BAN KI-MOON, Secretary-General of the United Nations, said the seventieth session of the General Assembly had opened with a towering achievement:  the adoption of the 2030 Agenda.  While the Millennium Development Goals had made poverty history for hundreds of millions of people, the international community was poised to continue the job while reaching higher, broader and deeper.  “You, the world’s leaders, have committed to leave no one behind — and to reach those farthest behind, first,” he said, calling on the Assembly to build on the momentum with a robust agreement on climate change.

There was “wind in the sails” of climate action, he said, but it was clear that the national targets submitted by the Member States would not be enough.  The choice was between raising the ambition of the world or risk raising temperatures above the 2°C threshold, which science had warned against crossing.  Reaching sustainable development goals meant better organizing.  Instead of walls and boxes, and ministries and agencies working at cross-purposes, the international community must work in synergy, supported by long-term planning, data, and a will to do things differently.

Welcoming the Addis Ababa Action Agenda and the renewed pledge by developed countries to invest 0.7 per cent of the gross national income in official development assistance (ODA), he added that climate finance would be crucial.  Developed countries should meet the agreed goal of $100 billion per year by 2020 and the international community must get the Green Climate Fund up and running.  The world continued to squander trillions in wasteful military spending.  “Why is it easier to find the money to destroy people and planet than it is to protect them?”, he asked.

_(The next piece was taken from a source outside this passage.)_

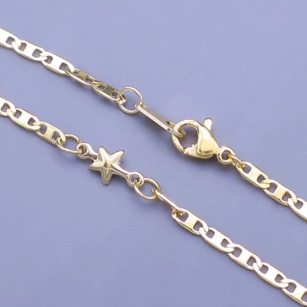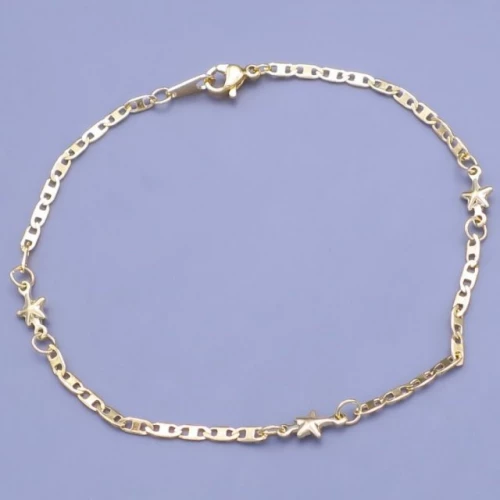 Dámský zlacený náramek z leštěné chirurgické oceli je zdoben třemi hvězdičkami o velikosti 6x5mm. Náramek je zlacen v ČR, 14kar. zlatem bez niklu Šířka řetízku 2mm. Délka na výběr od 16-17-18-19-20-21-22cm ZN07

One hundred million people required humanitarian assistance today, he noted, with 60 million having been forced to flee their homes or countries.  The global humanitarian system was not broken; it was broke.  People wanted emergency assistance but also lasting solutions.  “They may appreciate a tent, but they deserve to go home,” he said.  Lebanon, Jordan and Turkey were generously hosting several million Syrian and Iraqi refugees.  Commending those in Europe that were providing asylum, he urged those countries to “do more”.  After the Second World War, it was Europeans who had sought the world’s assistance.

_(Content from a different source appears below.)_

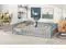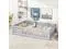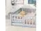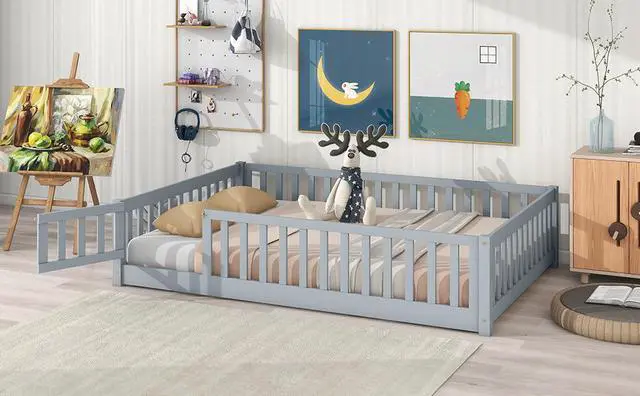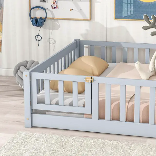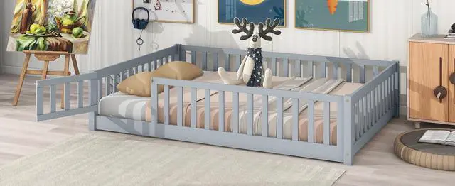 • Full Size Floor Bed with Fence and Door,Rubber Wood Floor Bed with Safety Guardrails,Grey

Four years of “diplomatic paralysis” by the Security Council and other bodies had allowed the crisis in Syria to spin out of control, he went on.  While the responsibility for ending the conflict lay with the Syrian warring parties, it was time now for others, primarily the Council and key regional actors, to step forward.  Five countries in particular held the key:  the Russian Federation, United States, Saudi Arabia, Iran and Turkey.  As long as one side did not compromise with the other, it was futile expect to change.

Noting the conflict in Yemen where airstrikes were destroying cities, and the dangerous drift in the Middle East peace process, he urged leaders to return to the negotiating table.  Da’esh, Boko Haram and Al-Shabaab remained major threats, and it was vital to unite against the brutality of those groups, while ensuring that States did not violate human rights in the fight against terror.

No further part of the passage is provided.